I feel, I feel nostalgia for something that I’ve been missing since I was born.
I've always liked Good Friday services. I like their solemnity and reflection and confession. I like their dimmed lights and muted volumes. I like that, since everyone knows Sunday is coming, we don't have to wrap the sorrow up at the end with a neat little bow of happiness. That we can just leave the sentence unfinished and unsure for a couple days.In the states, Good Friday and Easter are really the only two things we celebrate this week (Or at least, protestants. I don't know about Catholics. And really, I'm not even sure you could say we "celebrate" Good Friday. Yes, there's a service, but even a regular church-goer could legitimately be like "Oh, is that today? Hmmm, I guess I'll go."
But here, it's a big deal. They celebrate the whole week, la Semana Santa. And Friday is a big one.

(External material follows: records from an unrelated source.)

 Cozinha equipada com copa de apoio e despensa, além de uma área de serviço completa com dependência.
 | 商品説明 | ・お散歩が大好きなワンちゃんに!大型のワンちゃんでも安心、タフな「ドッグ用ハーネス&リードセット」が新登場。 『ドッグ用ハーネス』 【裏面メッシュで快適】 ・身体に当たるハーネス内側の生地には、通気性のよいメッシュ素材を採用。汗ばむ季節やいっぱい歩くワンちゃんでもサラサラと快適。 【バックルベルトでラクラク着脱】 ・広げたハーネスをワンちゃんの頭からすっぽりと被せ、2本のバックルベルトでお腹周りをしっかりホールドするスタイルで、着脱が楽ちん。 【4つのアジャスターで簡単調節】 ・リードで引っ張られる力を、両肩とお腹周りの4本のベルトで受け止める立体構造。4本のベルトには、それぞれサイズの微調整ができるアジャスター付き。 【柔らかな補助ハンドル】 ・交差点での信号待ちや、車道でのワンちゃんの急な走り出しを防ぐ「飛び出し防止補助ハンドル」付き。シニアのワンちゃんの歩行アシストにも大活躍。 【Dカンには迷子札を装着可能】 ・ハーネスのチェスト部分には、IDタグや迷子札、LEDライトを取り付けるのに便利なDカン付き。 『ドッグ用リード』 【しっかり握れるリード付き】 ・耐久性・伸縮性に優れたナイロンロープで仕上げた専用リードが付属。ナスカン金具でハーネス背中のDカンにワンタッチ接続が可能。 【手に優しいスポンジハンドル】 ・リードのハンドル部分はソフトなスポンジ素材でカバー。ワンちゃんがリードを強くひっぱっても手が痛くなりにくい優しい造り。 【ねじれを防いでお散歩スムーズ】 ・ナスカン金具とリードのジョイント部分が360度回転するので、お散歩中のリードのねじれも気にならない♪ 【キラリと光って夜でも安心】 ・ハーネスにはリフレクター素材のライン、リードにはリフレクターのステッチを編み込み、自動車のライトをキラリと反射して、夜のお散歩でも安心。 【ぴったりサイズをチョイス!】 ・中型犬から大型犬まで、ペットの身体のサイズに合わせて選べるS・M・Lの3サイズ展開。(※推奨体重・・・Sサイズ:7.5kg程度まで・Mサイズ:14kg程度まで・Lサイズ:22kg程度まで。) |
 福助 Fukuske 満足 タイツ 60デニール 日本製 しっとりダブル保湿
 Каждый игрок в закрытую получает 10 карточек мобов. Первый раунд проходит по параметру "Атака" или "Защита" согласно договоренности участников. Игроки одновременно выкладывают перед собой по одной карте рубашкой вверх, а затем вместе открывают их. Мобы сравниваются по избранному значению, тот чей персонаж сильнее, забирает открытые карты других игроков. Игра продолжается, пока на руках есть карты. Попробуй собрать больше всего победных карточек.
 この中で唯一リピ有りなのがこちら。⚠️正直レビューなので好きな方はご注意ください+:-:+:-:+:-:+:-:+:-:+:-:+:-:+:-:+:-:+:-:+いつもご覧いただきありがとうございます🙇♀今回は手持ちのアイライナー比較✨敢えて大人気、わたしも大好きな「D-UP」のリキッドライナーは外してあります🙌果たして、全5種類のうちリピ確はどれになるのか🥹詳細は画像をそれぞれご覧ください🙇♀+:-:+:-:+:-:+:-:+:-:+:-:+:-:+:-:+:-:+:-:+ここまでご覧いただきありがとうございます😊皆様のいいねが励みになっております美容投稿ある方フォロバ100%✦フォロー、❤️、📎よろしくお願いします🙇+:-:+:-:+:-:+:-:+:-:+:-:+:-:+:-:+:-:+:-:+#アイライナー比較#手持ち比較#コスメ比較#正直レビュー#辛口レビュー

I mean, businesses shutting down, streets empty kind of big.
So I decided to go with my host Mom to her Friday mass, which I was promised would include a procession afterward. Having never before been to a Catholic mass here, I'm quite glad I did, because the whole thing was just extremely interesting.
I'm having trouble pinning down one main, connected thought, however, so here are some random ones:
From the service:
1) The three priests are all white with pronounced Spanish accents. I asked my host Mom about it, and she said they were all sent here. They used to have one Peruvian priest, but he was sent to Cusco.

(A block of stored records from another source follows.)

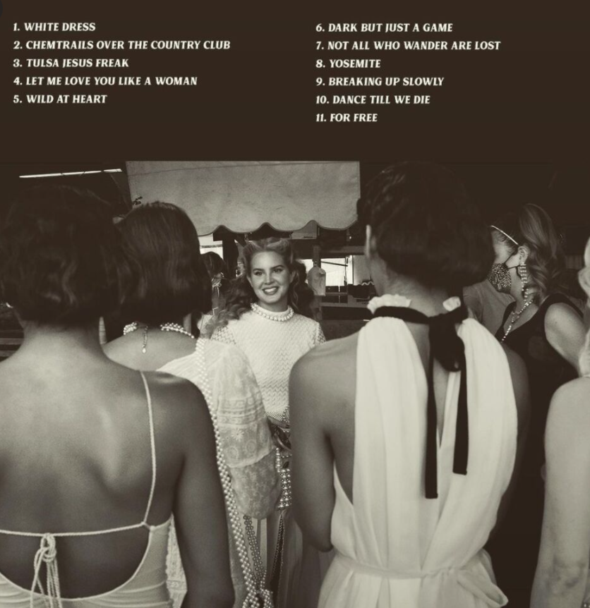 “White Dress” is by no means a “friendly” start to a record. In fact, it’s even more anti-radio airplay than a track like “Norman Fucking Rockwell,” the opener to the 2019 record of the same name. A lengthy five minutes and thirty-three seconds, “White Dress” is a lament. A look back at those salad days when all Lizzy Grant wanted was to be famous, never comprehending that it would have such unpleasant ramifications (like being called out for her bouts with failing to check her privilege and then lashing out at the media and internet, only to further stoke the flames).
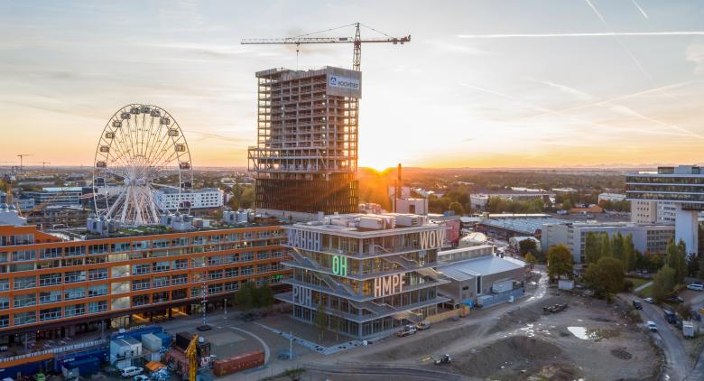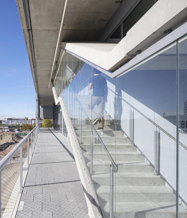"WERK12 and its forecourt form a nucleus for the Werksviertel district. The future-oriented building enables flexible uses — for work, pleasure, and recreation. The bright interior spaces, with a height of over five meters, allow for additional intermediate floors, thanks to the placement of the circulation structure on the exterior." – Andrea Jürges
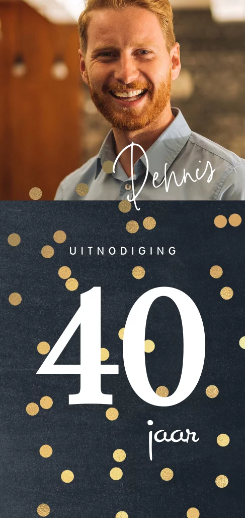 Binnenkort 40 jaar? Van harte gefeliciteerd! Ontwerp zelf deze feestelijke uitnodiging speciaal voor je 40e verjaardag!
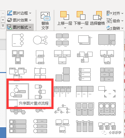步骤3:选择自己需要的版式,此处选用的是“升序图片重点流程”
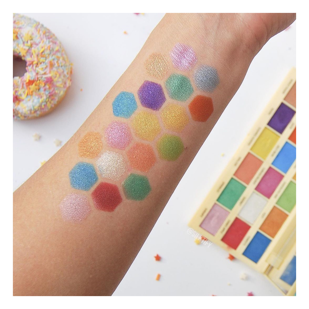 I Heart Revolution Sprinkles Chocolate Eyeshadow παλέτα περιέχει 18 φωτεινές πολύχρωμες μεταλλικές σκιές σε αποχρώσεις του κόκκινου, του μωβ, του χρυσού, του μπλε, του κίτρινου, του κεραμιδί και του πράσινου.
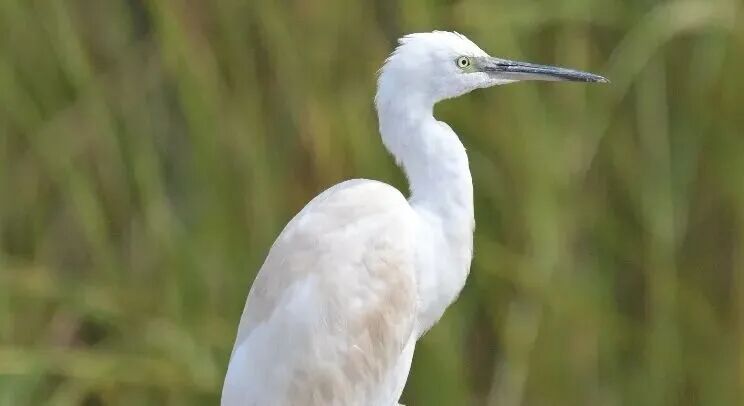 雌雄相似。全身雪白,脚黑色,嘴裂不超过眼后,为本种区别于大白鹭的显著识别特征。非繁殖羽喙黄色,喙尖黑色。繁殖羽喙黑色,眼先黄色,胸及背具蓑羽。

2) There's an incredible amount of older women here.
From the procession:
3) I love these bags to light our way. Oh, wow, real candle in there. That seems safe.
4) How nice to pray for different people at each station! But... "For the women are hit because their husband comes home drunk, but keep moving forward for the sake of the children." Shouldn't that at least say something like "And feel like they have no escape and must stay for the children" ? You know, with the implication that that's wrong?

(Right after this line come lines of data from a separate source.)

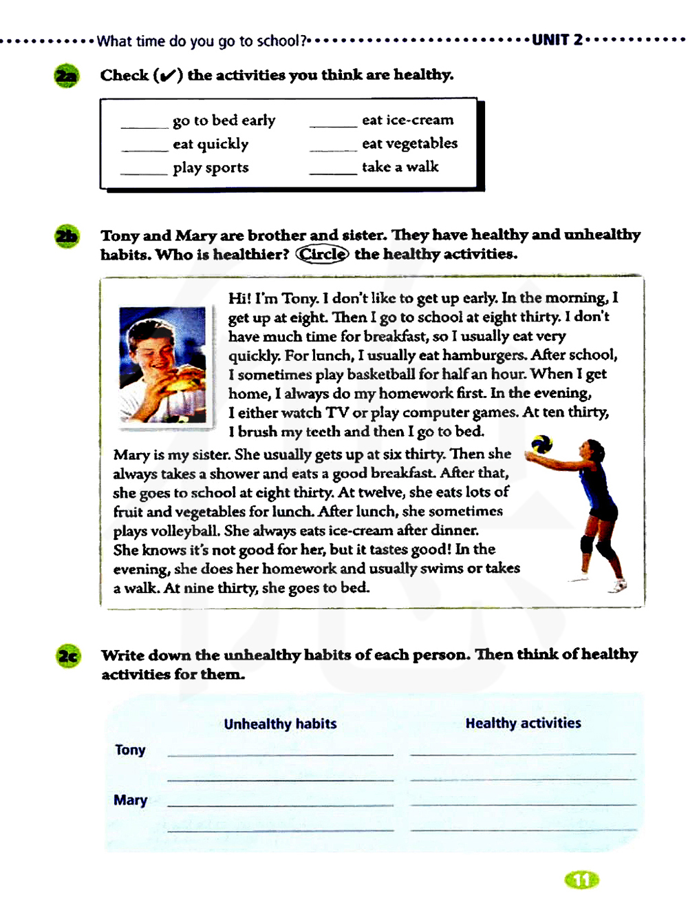 玛丽和托尼是姐弟。他们都有着健康和不健康的习惯。谁比较健康呢,圈出健康的活动。
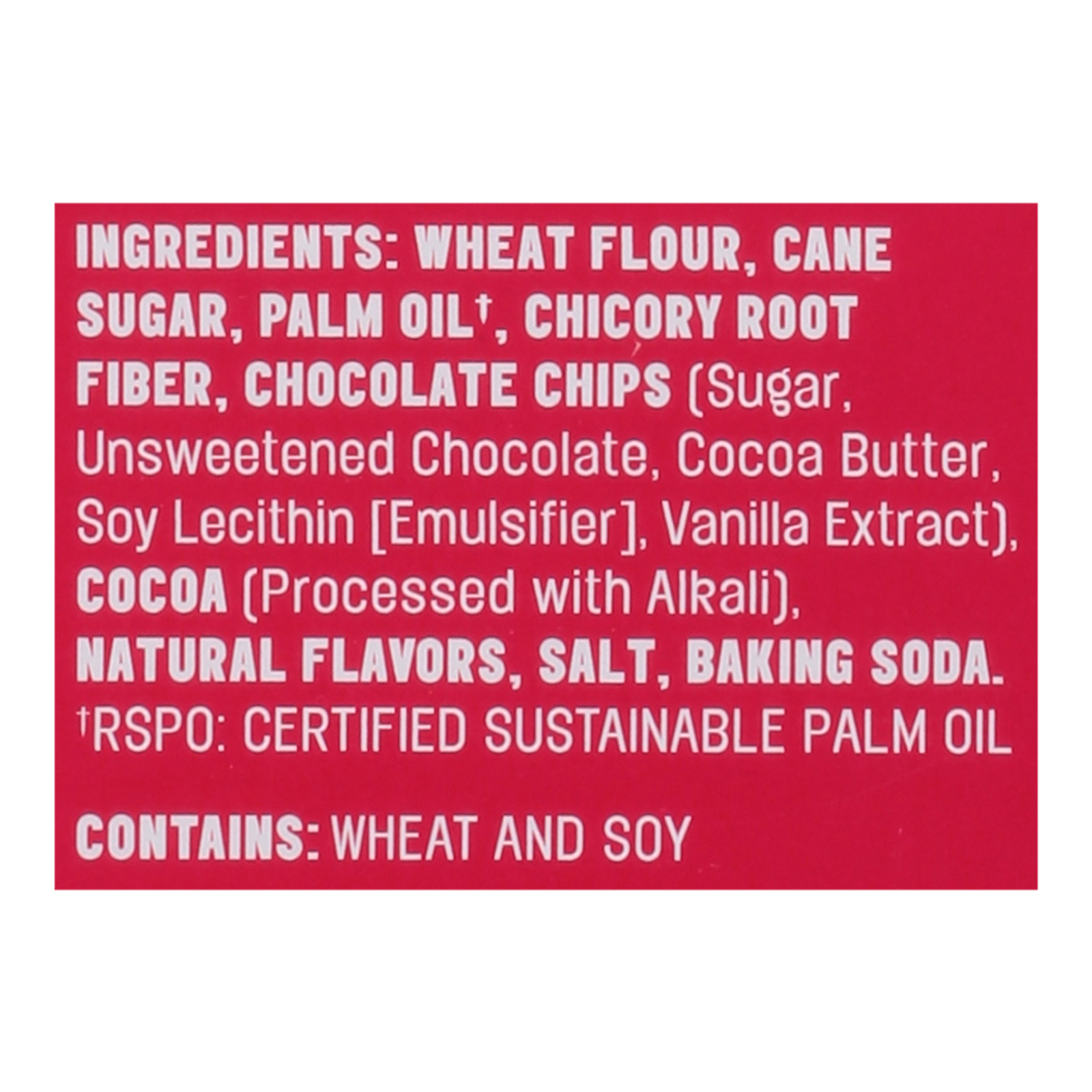 ingredients : wheat flour;cane sugar;palm oil;chicory root fiber;chocolate chips (sugar, unsweetened chocolate, cocoa butter, soy lecithin [emulsifier], vanilla extract);cocoa (processed with alkali);natural flavors;salt;baking soda
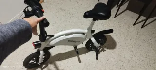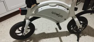 Bicicleta eléctrica Windgoo de color blanco. Ideal como medio de transporte urbano. No pesa nada. 25 km/h - Diseño compacto y ligero. - Ruedas de 12 pulgadas. - Sillín negro. - Faro delantero y luz trasera. No se ha usado casi nada. Batería completamente nueva, con 1 carga como prueba. Mejor ver y probar IDEAL REGALO DE REYES
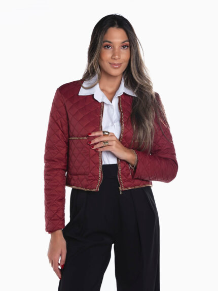Blusão cintado gola alta com pelo dentro. Blusão impermeável curto com costuras em losango. Bolsos laterais com fecho. Aperto de fecho éclair.
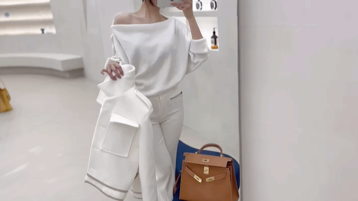 보트넥 또는 오프숄더 디자인으로 다양한 스타일링이 가능하며
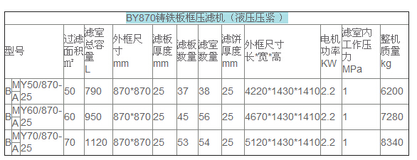 BY870鑄鐵板框壓濾機(jī)(液壓壓緊 )單價(jià):42000元整
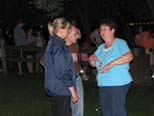 No that's not Rudolph but the crossing light blinking behind Kitty Shriver as she talks with a rider as Bob listens. Robbi Haines, in light blue blouse, talks with the riders between loading the trains. |
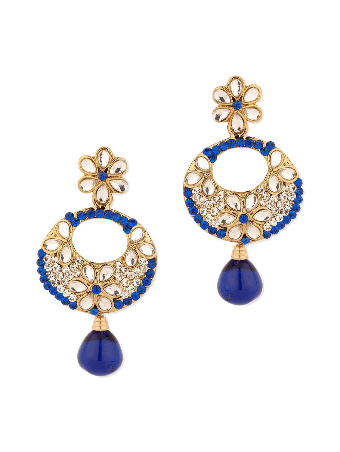 #2 Gold Plated Blue Crescent Floral Earrings Studded With Kundans and stones & similar products...
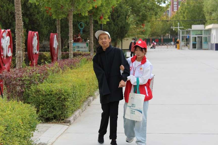 图为十二团医院志愿者搀扶来院就医的残疾患者就医。

5) I think I'll organize a police squad to block traffic next time I cross La Mar.
6) Station 8a...Jesus falls a third time? Darn it, this is not going to end in 10 stations like I thought,
7) What a beautiful flower petal arrangement!...that will now be trampled as we pass.
So obviously the night was a mixed bag. (What service isn't, I ask?) But as I processed along slowly, repeating the refrains to the songs we sang, I felt this overwhelming sense of community.
And a wave of sadness hit me that I will soon leave, and life here will go on with lovely, tiring, living traditions that I'll know nothing about.
Llaga, soy solo una llaga que tán solo al verte cicatricará.
Wound, I’m just a wound, that just to see you will scar.
Río, soy un río turbio, y Tú un mar inmenso. Guíame hacia Ti.
River, I’m a turbid river, and you’re an immense ocean. Guide me toward you.